[[ GIVEN RECORDS, beginning ]]

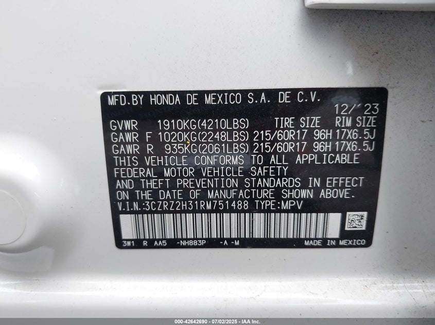 Honda Hr-v 2wd Lx 2024
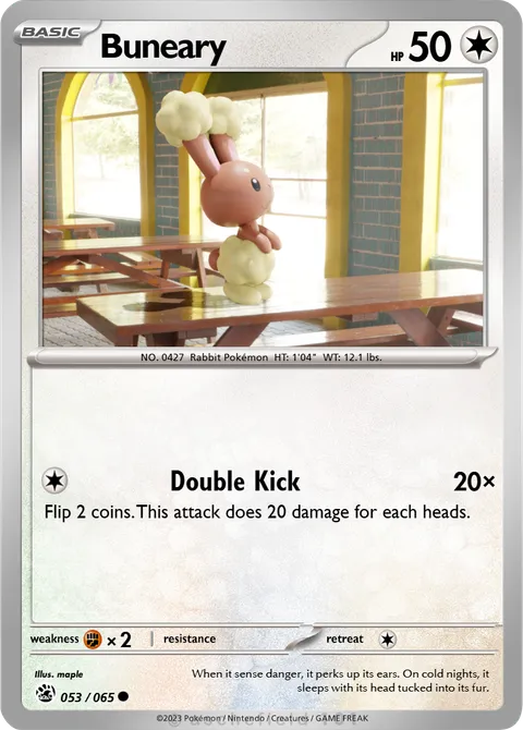NO. 0427 Rabbit Pokémon HT: 1'04" WT: 12.1 lbs.illus. maple#053/065When it sense danger, it perks up its ears. On cold nights, it sleeps with its head tucked into its fur.Created by @Maple on 23 September 2025
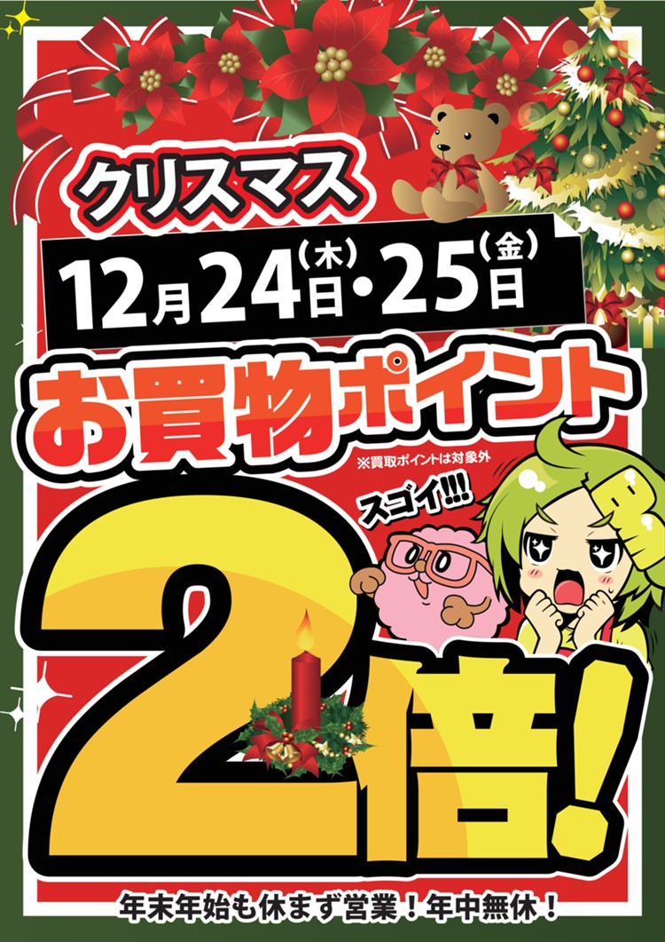 クリスマスポイント2倍デーと一緒にご利用いただければ、心も身体もフトコロも温まって、
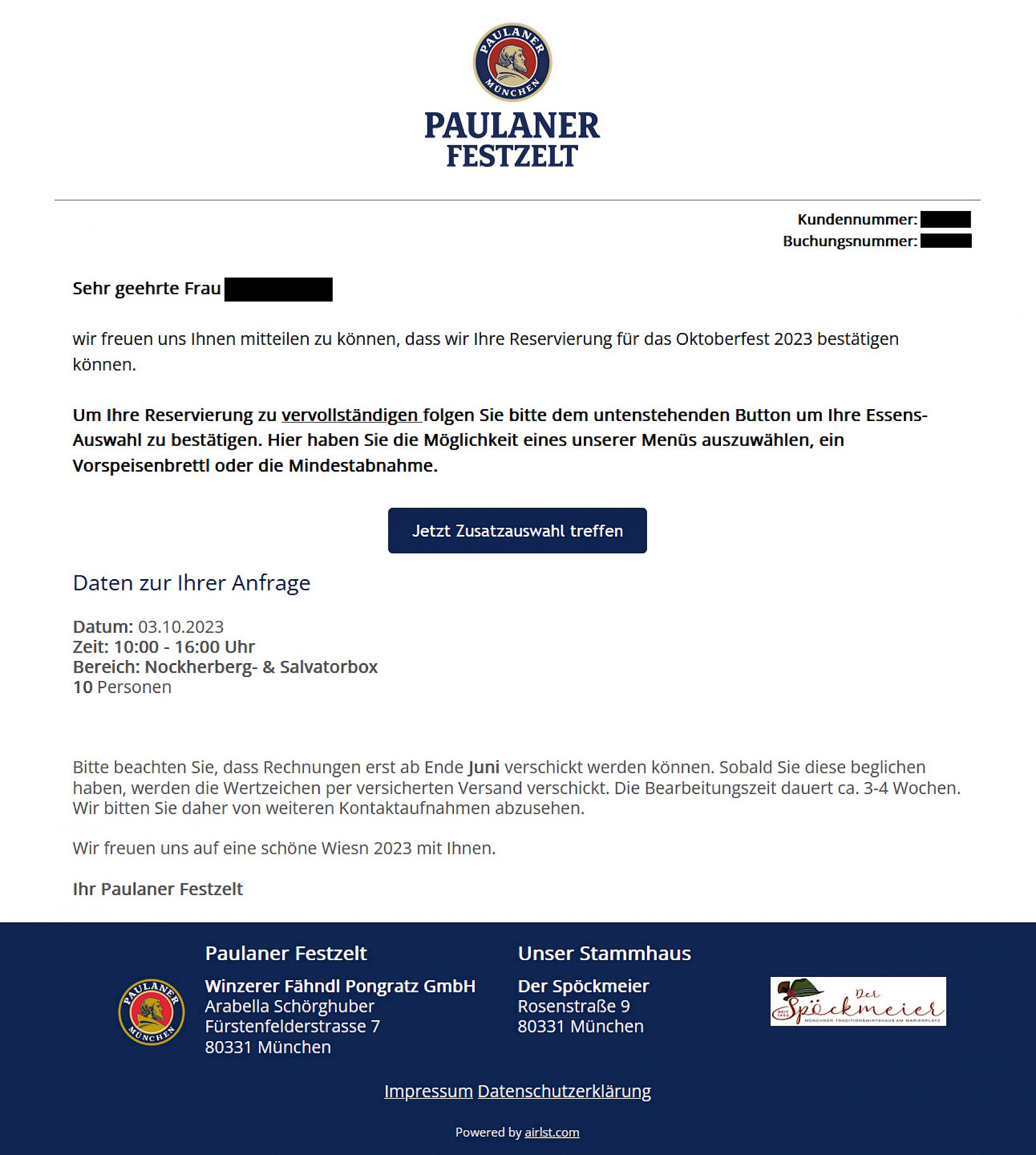 Noch einen Gang höher schaltet das Festzelt der Paulanerbrauerei. Der Betreff der Reservierungsbestätigung heißt missverständlicherweise, “Bitte vervollständigen Sie Ihre Buchung”. In der E-Mail selber ist die Nachricht über die Bestätigung der Reservierung dünn gedruckt, die direkt darunterstehende Aufforderung zur Vervollständigung hingegen deutlich hervorgehoben. Impliziert, wer zur Vervollständigung der Reservierung aufruft, nicht, dass sie bislang unvollständig ist? Vom Himmel fällt eine solch eigenartige Art der Reservierungsbestätigung jedenfalls nicht.
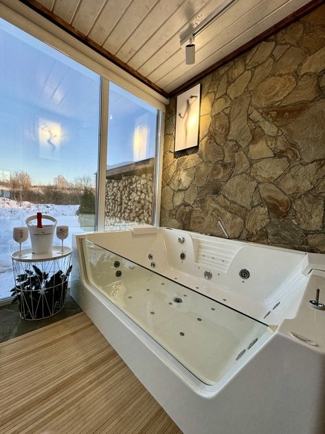 Заезд с 16:00, выезд до 13:00. Джакузи входит в стоимость номера.

[[ GIVEN RECORDS, end ]]

- **PROBLEM STATEMENT**:
From the first line above to the last, reproduce the records exactly but without the pictures.

- **YOUR RESPONSE**:
 Honda Hr-v 2wd Lx 2024
NO. 0427 Rabbit Pokémon HT: 1'04" WT: 12.1 lbs.illus. maple#053/065When it sense danger, it perks up its ears. On cold nights, it sleeps with its head tucked into its fur.Created by @Maple on 23 September 2025
 クリスマスポイント2倍デーと一緒にご利用いただければ、心も身体もフトコロも温まって、
 Noch einen Gang höher schaltet das Festzelt der Paulanerbrauerei. Der Betreff der Reservierungsbestätigung heißt missverständlicherweise, “Bitte vervollständigen Sie Ihre Buchung”. In der E-Mail selber ist die Nachricht über die Bestätigung der Reservierung dünn gedruckt, die direkt darunterstehende Aufforderung zur Vervollständigung hingegen deutlich hervorgehoben. Impliziert, wer zur Vervollständigung der Reservierung aufruft, nicht, dass sie bislang unvollständig ist? Vom Himmel fällt eine solch eigenartige Art der Reservierungsbestätigung jedenfalls nicht.
 Заезд с 16:00, выезд до 13:00. Джакузи входит в стоимость номера.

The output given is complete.